Monday, August 18, 2014



 By all rights, Winfred Rembert should have died five decades ago.  At 19, this African-American boy was captured by a gang of angry white men in a Georgia woods and had a noose around his neck for protesting in a Civil Rights march.  He was going to be lynched but, at the last moment, the men decided to use him as an example and parade him through the town.  That decision was a private miracle for his family and friends and a public joy and celebration for the world.

At 69 years of age, Winfred Rembert has enough stories of his heritage to last many more than the thousand and one nights of a Scheherazade.  As a self-taught folk artist who began his art career after the age of fifty, he might conjure up an image of Grandma Moses. But Winfred Rembert is his own man and the stories he tells through his art are uniquely his.

Born in Cuthbert, Georgia, he was raised by an aunt after his mother abandoned him at three months of age.  He rarely attended school and by six was more often in the cotton fields and potato patches earning 50 cents a day for his labors.  By the time he turned a teen, he had run away from that hard life, hung around pool halls and learned about the Civil Rights movement.

He was arrested for protesting and there followed terrible years of abuse when he was almost lynched and sentenced to 27 years in prison.  Thankfully, due to his own ingenuity, he learned to read and write from other prisoners.  More importantly, he discovered his talent for working with leather and creating an art form that testifies to and celebrates the sorrows and joys of his life.

Out of prison after seven years, through the intervention of a California senator, he returned home and continued his courtship of his love, Patsy, and they share the raising of eight children and many grandchildren in their Newhall Street, New Haven home.  A natural storyteller, Winfred was encouraged by Patsy to put those stories on leather as a heritage for their children.  The wallets and pocketbooks he learned to make in prison have now, for the last 15 years, been transformed into pictorials of his African-American legacy.

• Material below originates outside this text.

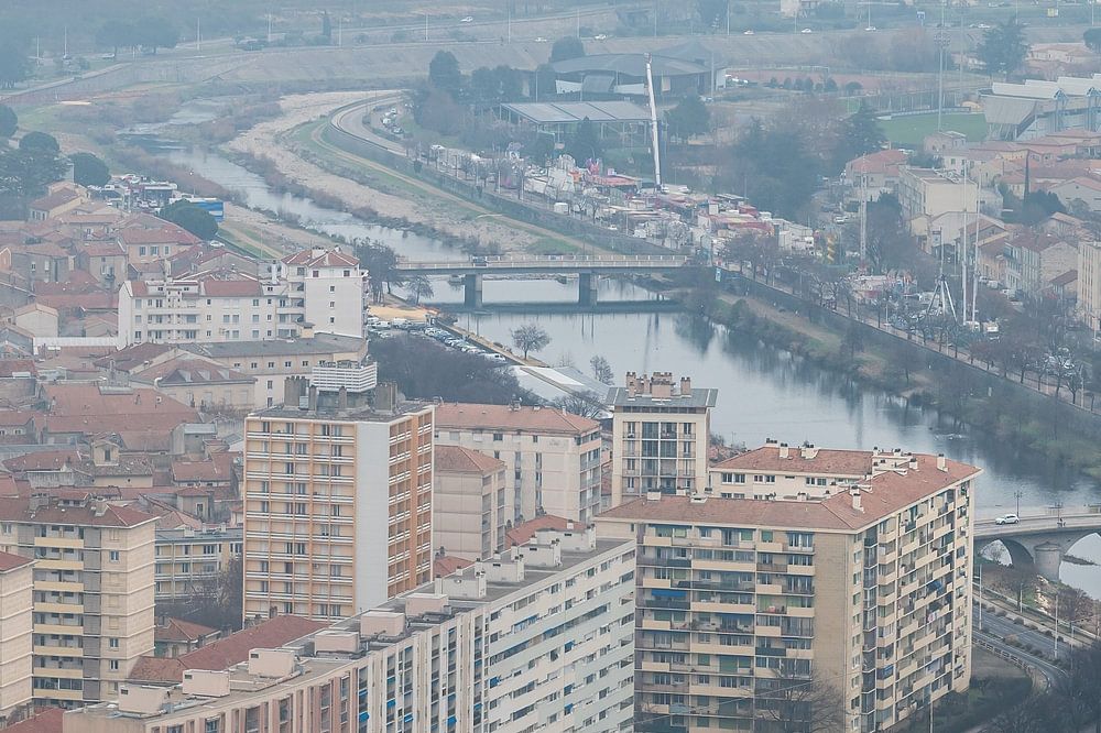 Ales, Occitanie, France, 12 30 2022 - Aerial panorama over the city, with the river Gardon
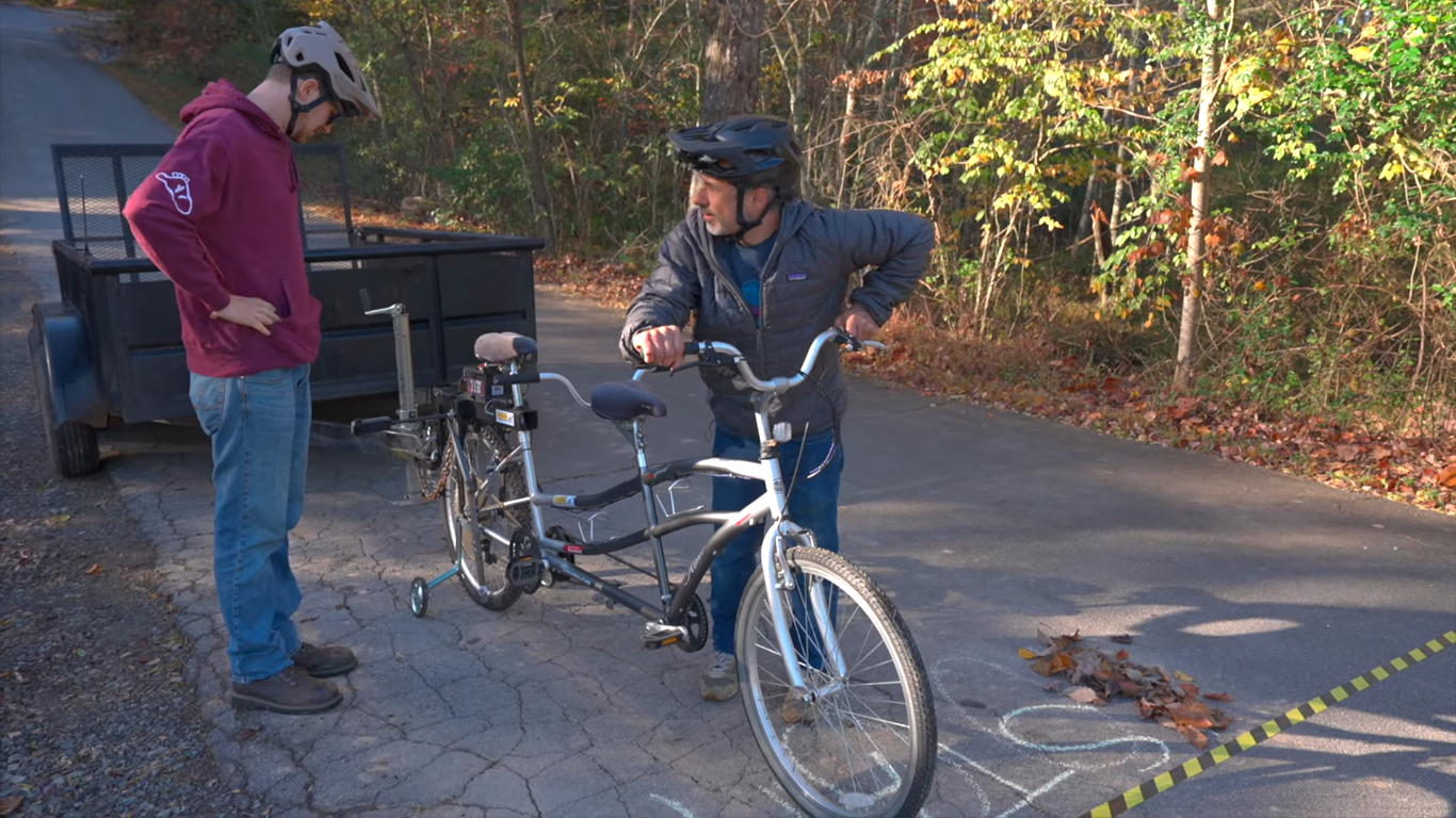 [Seth] decided on a tandem bike for this build. Not only does the second rider add power, but the longer wheelbase makes it less likely that the tongue weight of the trailer will lift the front wheel off the ground. It was modified with a Class 3 trailer hitch, as well as a battery to activate the electric trailer brakes in case of an emergency. But after hooking the trailer up the first time the problems started cropping up. At such a high gear ratio the bike is very slow and hard to keep on a straight line. Some large, custom training wheels were added between the riders to keep it stable, but even then the huge weight still caused problems with the chain and even damaged the bike’s freehub at one point.

Prominent in his leather tooled art, that he makes often at night when sleep and nightmares are too painful, are images of rows of cotton fields and the laborers who strain their backs to pinch the bolls from the prickly plants.  Another is of Miss Lydie who stopped her picking long enough to birth a baby and then started work minutes later.  When Winfred was a babe himself, his baby sitter was told to hang a large white sheet from the line as a signal to his mama in the fields if there was a problem.

Winfred Rembert doesn't shy away from the painful memories.  He uses his tools, a toe and a heel and a swivel knife, followed by colored dyes rather than paints (paints crack and peel), to create scenes of lynch mobs and chain gangs, realities that he knows intimately.  Pool halls, dance parlors, his favorite swimming hole when he played hookey, the stores he frequented, the midwife who charges $8 for a baby delivery, jazz singers and even President Obama have all been immortalized.  This "true original" has had his life captured in a brilliant film "ALL ME: The Life and Times of Winfred Rembert" by Vivian Ducat and will be shown at Westville's Kehler Liddell Gallery, 893 Whalley Avenue, New Haven on Thursday, August 21 at 7 p.m.  Come early at 6 p.m. to see his leather carving demonstration.  His exhibit of vibrant and one-of-a-kind art will be on display until Sunday, August 31.  Gallery hours are Thursday and Friday 11a.m. to 4 p.m., and Saturday and Sunday 10 a.m. to 4 p.m. and by appointment, 203-389-9555 or online at

Winfred Rembert "takes bad situations and turns them into beautiful art as a sign of strength and of remembrance."  He recently had an exhibit of his art in a gallery near his hometown in Georgia, an event that proved how far he has come from the scared and hurt little boy.  From his experiences, he could well hate the world for all the suffering he endured.  Instead he acknowledges his black history and his American history.  He also wants the three white Wilson Brothers from Cuthbert who told him he would amount to no good to know how wrong they were.

As he proclaims, "I have a dream of working with children in my home, my church, in schools.  I can make a difference in some children's lives.  I feel the Lord is with me and helps me do and say the right things."  He has often opened his home and his heart to runaway children and feels it is his heritage to tell his tale.  "By all rights, I should have died when a mob of mean people almost castrated and hung me, but instead let me live.  A guardian angel saved me and I am alive to tell my life story.  My art will help you to know me."

Let Winfred Rembert tell his special story through his vibrant hand-tooled leather pictures.  As he succinctly puts it, "I didn't give up.  I keep on trucking."

Let Winfred Rembert tell his special story through his vibrant hand-tooled leather pictures.  As he succinctly puts it, "I didn't give up.  I keep on trucking."